As discussed, overdose mortality involving illicit fentanyl and psychostimulants have drastically increased over the years. Thus, the implementation of public health and harm reduction measures are more important than ever. A popular harm reduction measure currently being utilized are fentanyl test strips (FTS). Fentanyl test strips are a form of drug testing technology that can detect the presence of fentanyl in different kinds of drugs (heroin, methamphetamine, cocaine, etc.).24 Fentanyl test strips allow PWUD to be able to figure out what is in the illicit drug supply and the opportunity to reduce their risk of an overdose situation.

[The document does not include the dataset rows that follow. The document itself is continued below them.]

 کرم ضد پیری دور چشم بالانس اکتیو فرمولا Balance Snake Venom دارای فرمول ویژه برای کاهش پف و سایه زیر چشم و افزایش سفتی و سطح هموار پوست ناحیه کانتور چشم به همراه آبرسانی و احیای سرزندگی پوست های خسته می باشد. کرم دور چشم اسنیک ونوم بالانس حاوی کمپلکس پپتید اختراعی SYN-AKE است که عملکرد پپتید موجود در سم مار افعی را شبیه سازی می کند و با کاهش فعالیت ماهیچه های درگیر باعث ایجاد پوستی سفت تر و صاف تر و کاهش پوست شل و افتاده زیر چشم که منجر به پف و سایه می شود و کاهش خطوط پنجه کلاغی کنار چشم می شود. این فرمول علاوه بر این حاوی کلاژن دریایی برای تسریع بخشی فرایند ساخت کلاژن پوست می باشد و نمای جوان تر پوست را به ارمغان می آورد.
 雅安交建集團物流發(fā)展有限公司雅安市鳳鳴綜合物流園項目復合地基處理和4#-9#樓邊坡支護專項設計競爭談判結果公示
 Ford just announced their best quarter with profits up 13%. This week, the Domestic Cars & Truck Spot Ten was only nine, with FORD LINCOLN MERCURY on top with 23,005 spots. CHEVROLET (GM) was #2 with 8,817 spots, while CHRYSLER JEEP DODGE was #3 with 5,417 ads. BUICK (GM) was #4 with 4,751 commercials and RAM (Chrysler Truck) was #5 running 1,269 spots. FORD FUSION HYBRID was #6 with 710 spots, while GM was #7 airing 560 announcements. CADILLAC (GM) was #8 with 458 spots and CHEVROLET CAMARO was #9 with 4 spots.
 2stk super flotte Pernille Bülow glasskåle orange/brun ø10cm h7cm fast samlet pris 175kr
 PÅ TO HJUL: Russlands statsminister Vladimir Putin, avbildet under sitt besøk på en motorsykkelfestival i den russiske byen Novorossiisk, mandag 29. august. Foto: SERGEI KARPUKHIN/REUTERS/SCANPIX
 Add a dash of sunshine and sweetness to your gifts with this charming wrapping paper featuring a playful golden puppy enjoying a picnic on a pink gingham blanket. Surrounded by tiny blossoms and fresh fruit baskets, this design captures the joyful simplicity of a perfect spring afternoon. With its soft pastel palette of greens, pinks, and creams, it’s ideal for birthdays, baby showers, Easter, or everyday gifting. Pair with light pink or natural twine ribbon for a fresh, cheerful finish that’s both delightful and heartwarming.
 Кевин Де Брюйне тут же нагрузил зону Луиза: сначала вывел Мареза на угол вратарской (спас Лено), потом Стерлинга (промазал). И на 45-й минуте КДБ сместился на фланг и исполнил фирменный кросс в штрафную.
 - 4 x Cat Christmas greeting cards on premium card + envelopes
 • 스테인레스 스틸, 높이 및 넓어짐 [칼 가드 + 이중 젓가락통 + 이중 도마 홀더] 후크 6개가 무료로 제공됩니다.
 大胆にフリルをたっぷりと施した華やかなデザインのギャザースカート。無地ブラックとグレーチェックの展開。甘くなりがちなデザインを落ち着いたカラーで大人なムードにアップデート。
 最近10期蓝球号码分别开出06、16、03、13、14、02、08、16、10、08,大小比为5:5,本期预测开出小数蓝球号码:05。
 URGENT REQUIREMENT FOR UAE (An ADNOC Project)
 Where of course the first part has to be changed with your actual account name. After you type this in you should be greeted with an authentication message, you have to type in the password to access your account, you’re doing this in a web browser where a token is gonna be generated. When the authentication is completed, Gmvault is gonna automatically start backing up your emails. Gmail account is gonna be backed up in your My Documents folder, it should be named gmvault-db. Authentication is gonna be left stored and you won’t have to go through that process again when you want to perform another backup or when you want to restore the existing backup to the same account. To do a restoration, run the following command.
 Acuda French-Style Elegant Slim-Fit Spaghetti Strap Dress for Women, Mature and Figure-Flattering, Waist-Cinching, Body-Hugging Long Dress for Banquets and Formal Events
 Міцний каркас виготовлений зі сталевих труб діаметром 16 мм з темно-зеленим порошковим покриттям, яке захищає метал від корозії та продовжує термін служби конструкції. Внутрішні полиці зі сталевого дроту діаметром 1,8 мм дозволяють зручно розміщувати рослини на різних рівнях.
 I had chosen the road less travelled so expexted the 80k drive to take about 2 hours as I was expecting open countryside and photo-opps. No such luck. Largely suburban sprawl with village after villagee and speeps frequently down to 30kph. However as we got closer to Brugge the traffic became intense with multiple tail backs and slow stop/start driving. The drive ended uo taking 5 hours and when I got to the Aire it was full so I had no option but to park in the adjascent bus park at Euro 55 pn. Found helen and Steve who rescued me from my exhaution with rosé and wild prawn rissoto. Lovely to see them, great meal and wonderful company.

It is important for primary care and healthcare providers to be aware of state laws surrounding FTS, where to obtain them, and be willing to provide them to patients who use illicit substances. As of August 2023, the states in which FTS are illegal to possess include Texas, Oklahoma, Kansas, Michigan, Kentucky, Indiana, Iowa, South Dakota, North Dakota, Montana, Idaho, and Utah..25 Most recently, under Senate Bill 164, Florida decriminalized FTS excluding them from the definition of “drug paraphernalia” and instead as a narcotic-testing product.26 Lastly, syringe services programs that work with PWUD can benefit from the utilization of FTS for these aforementioned reasons. The importance of keeping PWUD safe in this unpredictable and volatile street supply is of utmost urgency.

Peiper et al conducted an online survey of people who inject drugs (PWID) about their most recent FTS use in North Carolina. According to the study, 63% of the sample was reported to be a positive FTS result, and 81% reported utilizing FTS prior to consuming their drugs.27 The study also elucidated that 43% reported actual changes in their drug use behavior, and 77% indicated increased perceived overdose safety by using FTS. These findings are of importance because they highlight the beneficial utility that FTS can offer those who use drugs.

Intranasal Naloxone

Given the risk of cross contamination with cocaine and fentanyl, if a provider identifies a patient using illicit stimulants/opioids/hypnotics during screening they should offer and educate on the use of intranasal naloxone to prevent an accidental opioid overdose. Narcan 4 mg, an intranasal opioid antagonist, was recently granted over-the-counter status by the FDA and will be available on most pharmacy shelves by the end of 2023.28 Most states have standing orders at community pharmacies for prescribing Narcan as well, which further increases access and gets this life-saving drug into the hands of the public.

Our country is witnessing an unprecedented surge in psychostimulant-related deaths due to cross contamination of illicitly manufactured fentanyl available at the street level. This surge is now being referred to as the “fourth wave” phenomenon following the current third wave of illicitly manufactured fentanyl. Cocaine, in particular, has been shown to have cross contamination rates varying from state-to state. Exact locations, preferred drug of use, and the level of drug mixing at the street source appear to have an impact on the contamination rates with fentanyl.

As a healthcare professional, it is imperative to be aware of the health risks of patients using cocaine, as well as risk mitigation options including appropriate quantity use, fentanyl test strips, and intranasal naloxone – all of which can reduce or prevent an accidental opioid overdose.